I took one from the pack Jack was extending, and he held alight for me. "The local or state police can't do it," he said. "They haven't the authority, and try to imagine explaining this to them, anyway. Miles, this a national emergency." He turned to me. "It actually is, as real as any we've ever faced. It may be more than that; a threat new to the entire history of the human race." The end of his cigarette glowed momentarily, then Jack went on, his voice quiet, matter of fact, and very earnest. "So somebody, Miles – the Army, Navy, the FBI, I don't know who or what – but somebody has to move into this town as fast as we can get them here. And they'll have to declare martial law, a state of siege, or something – anything! And then do whatever has to be done." His voice dropped. "Root this thing out, smash it, crush it, kill it."
We stood there a moment or so longer, while I thought of what might be lying all around us, under the roofs out there, hidden in secret places; and it wouldn't bear much thinking about. "There's some coffee downstairs," I said, and we turned toward the stairs.
In the kitchen I poured us each some coffee, then Jack sat down at the table, while I leaned back against the stove. "All right, Jack," I said then. "But how?
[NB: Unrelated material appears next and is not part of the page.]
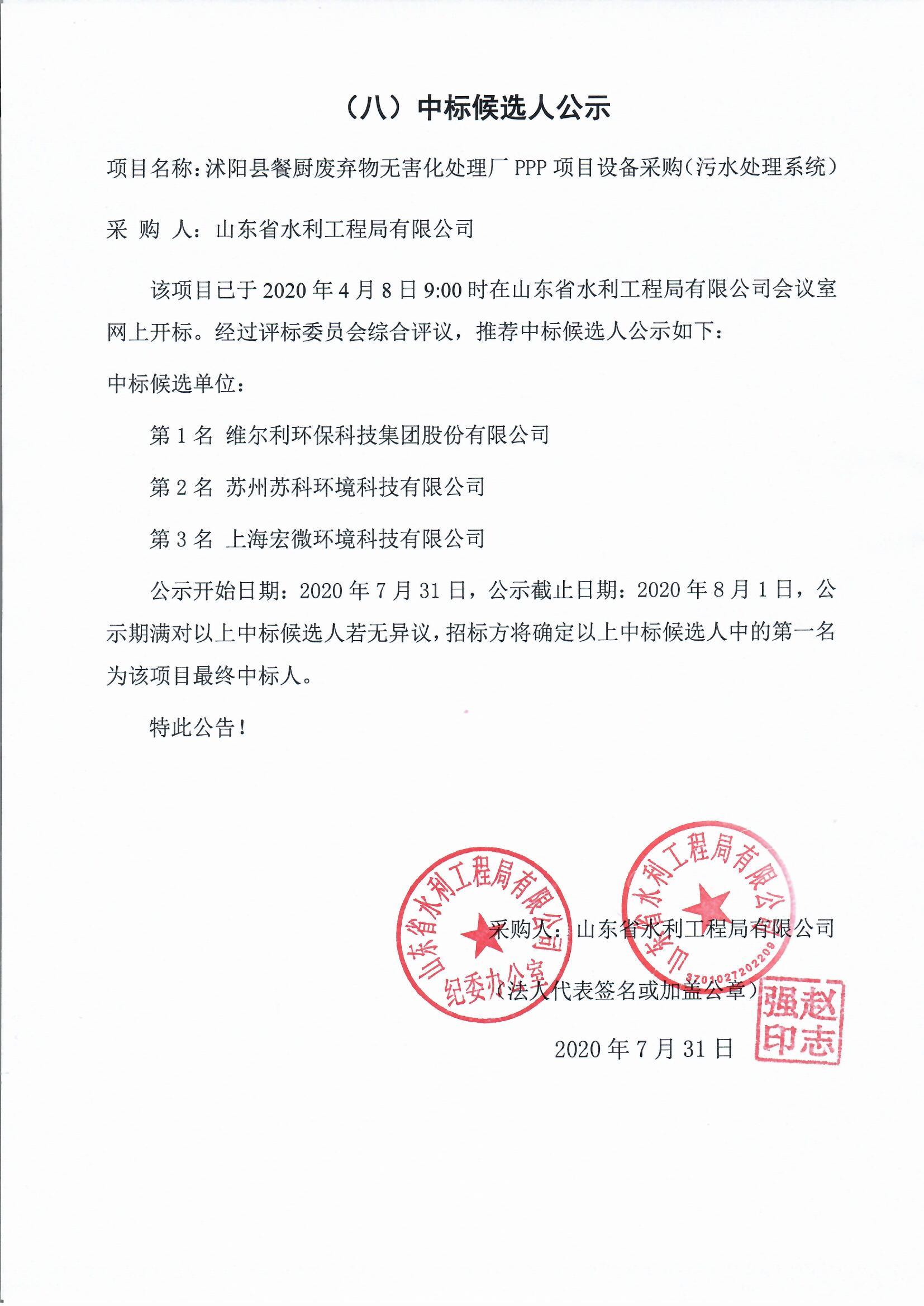 沭陽(yáng)縣餐廚廢棄物無(wú)害化處理廠PPP項(xiàng)目設(shè)備采購(gòu)(污水處理系統(tǒng))中標(biāo)候選人公示

What do we do? Telephone Eisenhower, or something? Just ring up the White House, and when he answers the phone tell him that out here in Santa Mira, which went Republican in the last election, we've found some bodies, except they aren't really bodies but something else, we don't know what, and please send the Marines right away?"
Jack shrugged impatiently. "I don't know! But we've got to do something; we have to find a way to reach people who can act! Quit clowning; figure something."
I nodded. "All right; chain of command."
"What?"
Eyes narrowing, I stared at Jack, suddenly excited, because this was the answer. "Listen; who do you know in Washington? Someone who knows you, knows you're not crazy, and that when you tell this story you mean it, and it's true. Somebody who can start the ball rolling, and keep this moving up a notch at a time till it reaches someone who can do something!"
After a moment or so, Jack shook his head. "Nobody; I don't know a soul in Washington. Do you?"
"No" – I slumped back against the stove. "Not even a Democrat. Write to your congressman." Then I remembered, and shrugged. "I do know one guy, at that; the only person in Washington I know in any kind of official capacity at all. Ben Eichler – he was an upperclassman when I started school. He's in the regular Army now, works in the Pentagon. But he's only a lieutenant-colonel; I don't know anyone else."
"He'll do," Jack said quickly. "The Army could handle this, and he's in it. Right in the Pentagon, and with a pretty good rank; at least he could speak to a general without being court-martialed."